* _Exercise goal_
Below is some data. Retype exactly the lines starting at the one with "scenic, building, illustration" and ending at the one with "The first chapter".

* _Dataset entries_
----------------

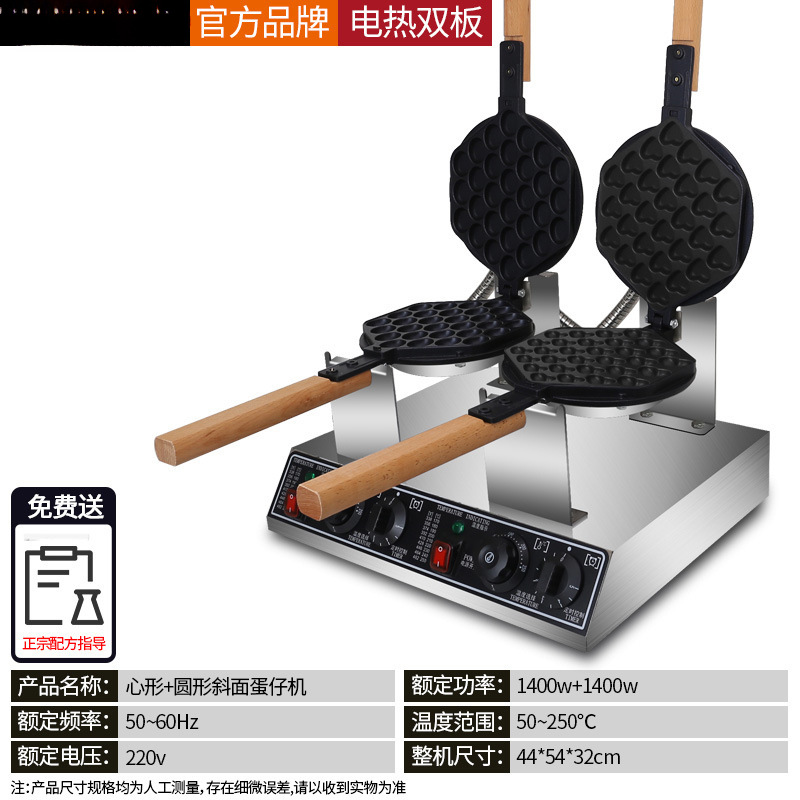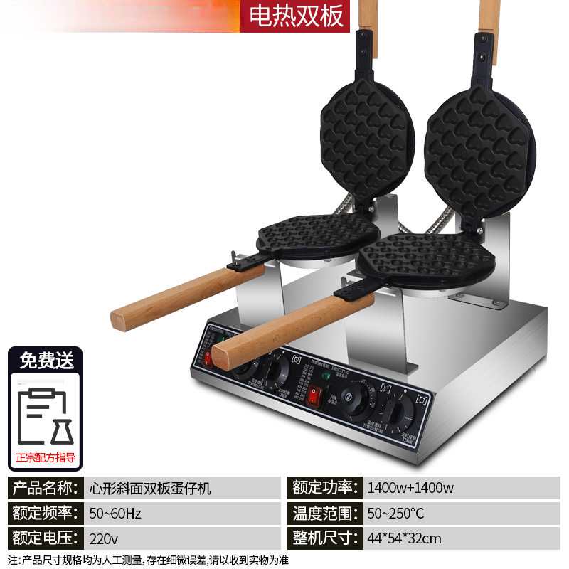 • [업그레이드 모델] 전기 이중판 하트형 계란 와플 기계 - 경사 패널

----------------

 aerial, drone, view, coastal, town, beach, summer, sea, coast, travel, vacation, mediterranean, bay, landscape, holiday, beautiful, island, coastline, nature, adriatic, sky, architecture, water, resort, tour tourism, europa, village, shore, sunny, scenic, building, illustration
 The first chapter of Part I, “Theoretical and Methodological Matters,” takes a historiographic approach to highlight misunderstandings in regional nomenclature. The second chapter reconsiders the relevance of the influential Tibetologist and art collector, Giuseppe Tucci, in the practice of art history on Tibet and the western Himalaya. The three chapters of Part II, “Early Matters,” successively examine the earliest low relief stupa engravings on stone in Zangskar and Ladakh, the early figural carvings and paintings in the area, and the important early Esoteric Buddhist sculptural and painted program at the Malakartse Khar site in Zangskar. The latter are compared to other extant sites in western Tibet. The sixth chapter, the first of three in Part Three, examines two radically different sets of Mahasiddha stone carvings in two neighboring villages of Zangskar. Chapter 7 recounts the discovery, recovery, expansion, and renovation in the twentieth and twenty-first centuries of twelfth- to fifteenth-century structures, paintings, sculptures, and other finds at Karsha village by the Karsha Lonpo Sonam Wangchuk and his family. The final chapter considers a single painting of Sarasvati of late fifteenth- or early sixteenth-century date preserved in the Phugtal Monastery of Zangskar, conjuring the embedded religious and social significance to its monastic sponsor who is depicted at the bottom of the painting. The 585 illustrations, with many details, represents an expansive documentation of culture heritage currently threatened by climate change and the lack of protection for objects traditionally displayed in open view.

----------------

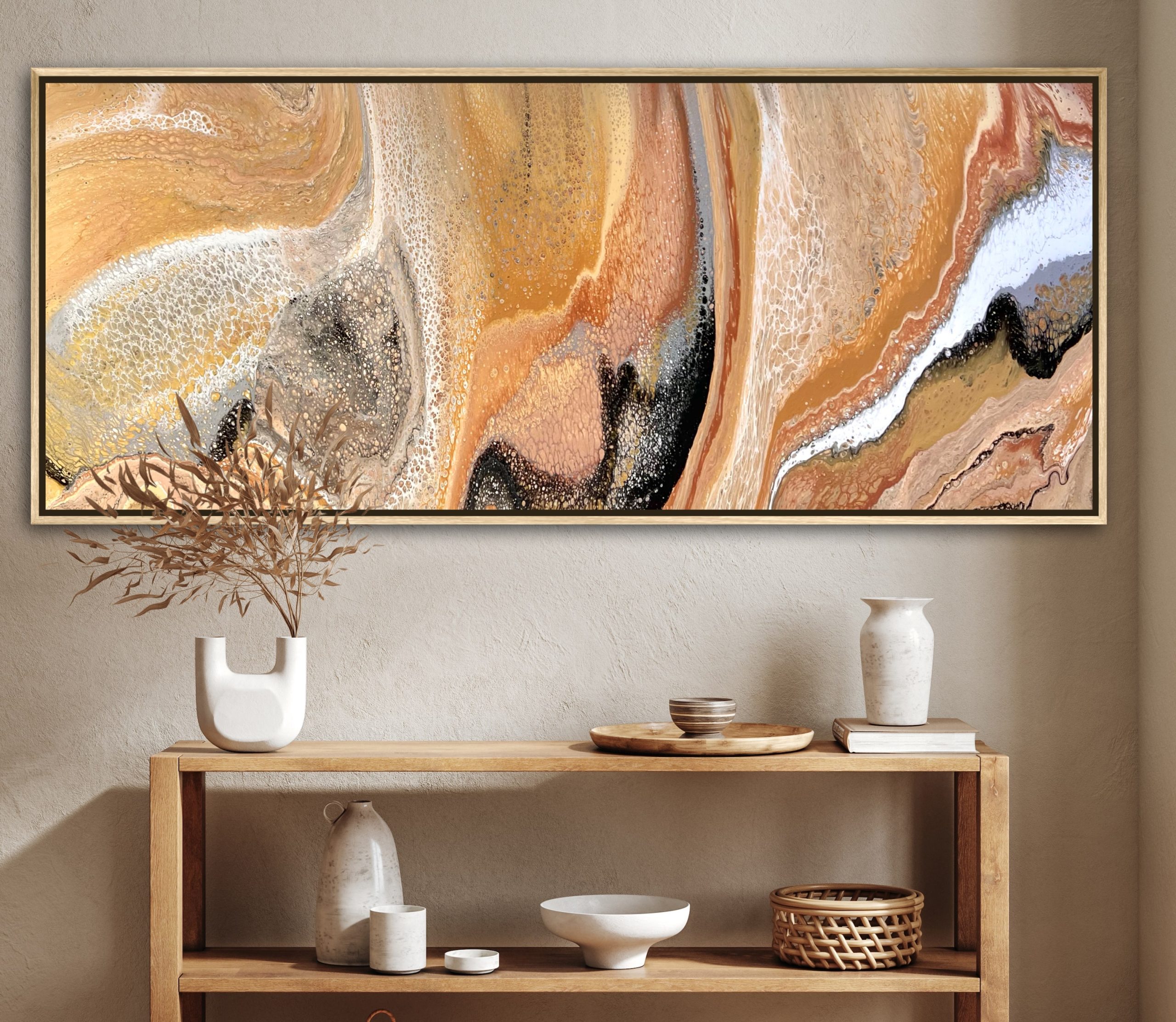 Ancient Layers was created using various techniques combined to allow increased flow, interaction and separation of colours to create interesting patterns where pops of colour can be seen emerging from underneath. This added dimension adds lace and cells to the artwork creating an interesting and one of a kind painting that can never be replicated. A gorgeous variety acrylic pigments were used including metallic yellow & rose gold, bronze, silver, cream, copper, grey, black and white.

----------------

* _Answer to the exercise_
 aerial, drone, view, coastal, town, beach, summer, sea, coast, travel, vacation, mediterranean, bay, landscape, holiday, beautiful, island, coastline, nature, adriatic, sky, architecture, water, resort, tour tourism, europa, village, shore, sunny, scenic, building, illustration
 The first chapter of Part I, “Theoretical and Methodological Matters,” takes a historiographic approach to highlight misunderstandings in regional nomenclature. The second chapter reconsiders the relevance of the influential Tibetologist and art collector, Giuseppe Tucci, in the practice of art history on Tibet and the western Himalaya. The three chapters of Part II, “Early Matters,” successively examine the earliest low relief stupa engravings on stone in Zangskar and Ladakh, the early figural carvings and paintings in the area, and the important early Esoteric Buddhist sculptural and painted program at the Malakartse Khar site in Zangskar. The latter are compared to other extant sites in western Tibet. The sixth chapter, the first of three in Part Three, examines two radically different sets of Mahasiddha stone carvings in two neighboring villages of Zangskar. Chapter 7 recounts the discovery, recovery, expansion, and renovation in the twentieth and twenty-first centuries of twelfth- to fifteenth-century structures, paintings, sculptures, and other finds at Karsha village by the Karsha Lonpo Sonam Wangchuk and his family. The final chapter considers a single painting of Sarasvati of late fifteenth- or early sixteenth-century date preserved in the Phugtal Monastery of Zangskar, conjuring the embedded religious and social significance to its monastic sponsor who is depicted at the bottom of the painting. The 585 illustrations, with many details, represents an expansive documentation of culture heritage currently threatened by climate change and the lack of protection for objects traditionally displayed in open view.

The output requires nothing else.